なお、「SGP.32」対応IoT SIMおよびプロファイル管理機能の共同開発は、2025年3月に両社が締結したIoT分野における協業に関する包括契約に基づき (注4) 、相互の技術協力により実現しました。
「SGP.32」は、GSMA (GSM Association) が策定したIoT向け次世代eSIM規格です。
IoT機器に搭載されたeSIMに対し、出荷後であっても通信プロファイルを遠隔で追加や切り替えができる仕組みを定めています。
遠隔操作でIoT回線ごとに通信プロファイルの追加や切り替えが可能です。
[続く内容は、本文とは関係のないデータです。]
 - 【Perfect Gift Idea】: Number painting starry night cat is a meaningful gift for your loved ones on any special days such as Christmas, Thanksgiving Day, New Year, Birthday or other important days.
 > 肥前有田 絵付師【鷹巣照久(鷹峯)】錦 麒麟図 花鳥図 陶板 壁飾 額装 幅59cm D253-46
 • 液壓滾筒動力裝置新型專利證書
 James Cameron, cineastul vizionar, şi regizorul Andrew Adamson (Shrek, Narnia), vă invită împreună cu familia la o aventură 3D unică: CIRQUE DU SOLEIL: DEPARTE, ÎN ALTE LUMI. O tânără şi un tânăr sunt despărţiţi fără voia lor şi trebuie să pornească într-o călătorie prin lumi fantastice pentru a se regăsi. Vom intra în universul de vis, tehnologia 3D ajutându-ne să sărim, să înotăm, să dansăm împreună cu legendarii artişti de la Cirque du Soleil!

これにより、IoT機器の用途や利用エリア、および経年的な状況の変化に応じた最適な通信設計が可能です。
通信品質の変化や予期せぬトラブルなどが発生した際、あらかじめ設定したバックアップ用の通信プロファイルに自動で切り替え、冗長構成を確保します。これにより、お客さまの事業継続を支援します。
ローミング規制が導入されている国や地域においても、現地の通信事業者が提供する許可されたプロファイルを遠隔で追加や切り替えて利用することが可能です。これにより、海外でのIoT事業の展開を支援します。
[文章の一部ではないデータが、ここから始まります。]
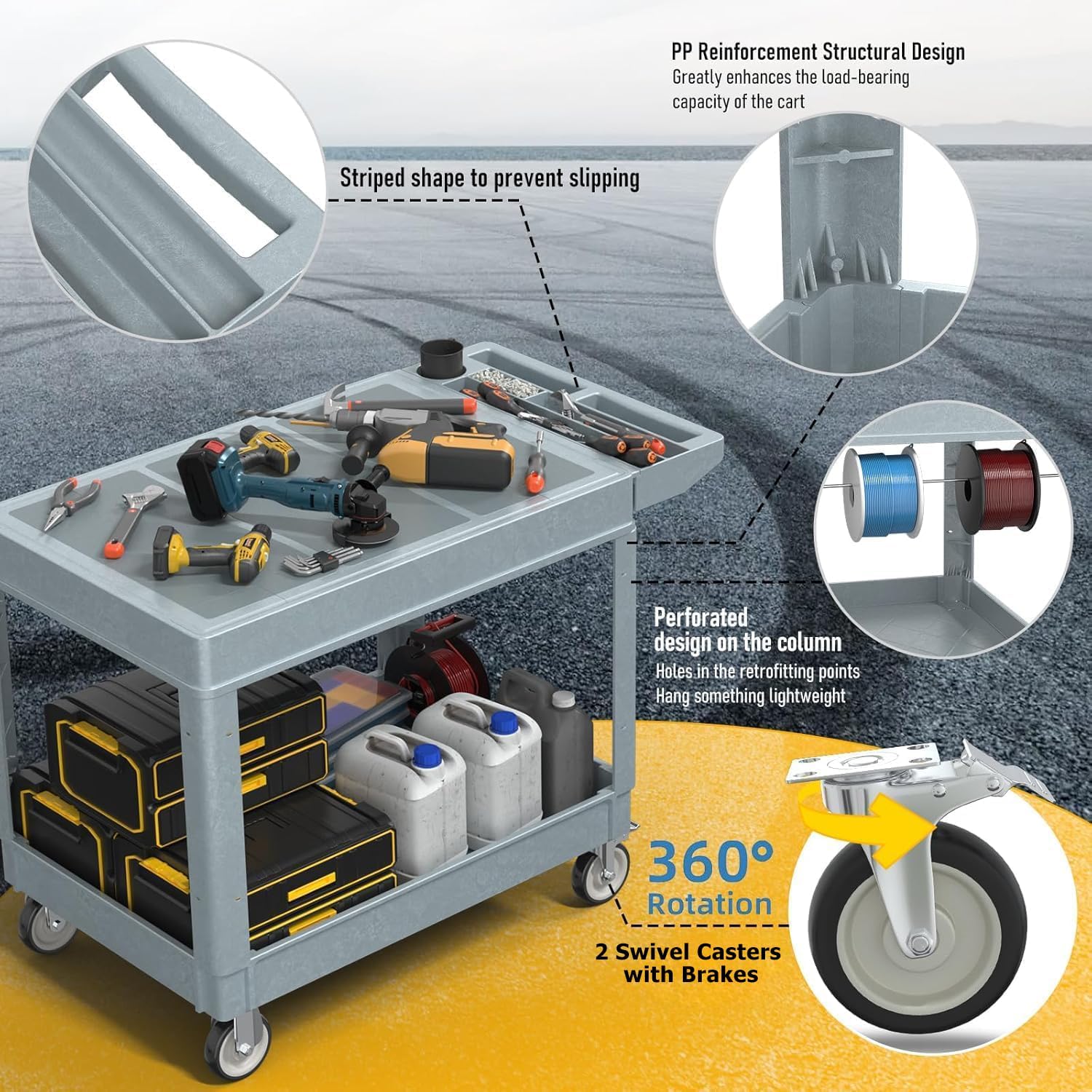 2 Tier Rolling Utility Cart on Wheels, 550 lbs Capacity Flat Top Plastic Service Cart with Lipped Shelves, 46 x 26-Inch Heavy Duty Work Cart for Warehouse, Garage, Cleaning, Gray

エレベーターの監視や自動販売機の電子決済において、状況に応じて他社通信事業者の回線へ自動で切り替えることで、お客さまの事業継続に貢献します。
商業施設や駅、空港、オフィスビル、医療機関などで利用されるデジタルサイネージでは、監視用途の小容量通信に加え、動画コンテンツの更新時には大容量通信が発生するなど、用途によって通信量が大きく異なる場合があります。「SGP.32」では、小容量から大容量までコンテンツ容量に応じた最適なプロファイルを選択することが可能となり、通信コストの抑制が可能です。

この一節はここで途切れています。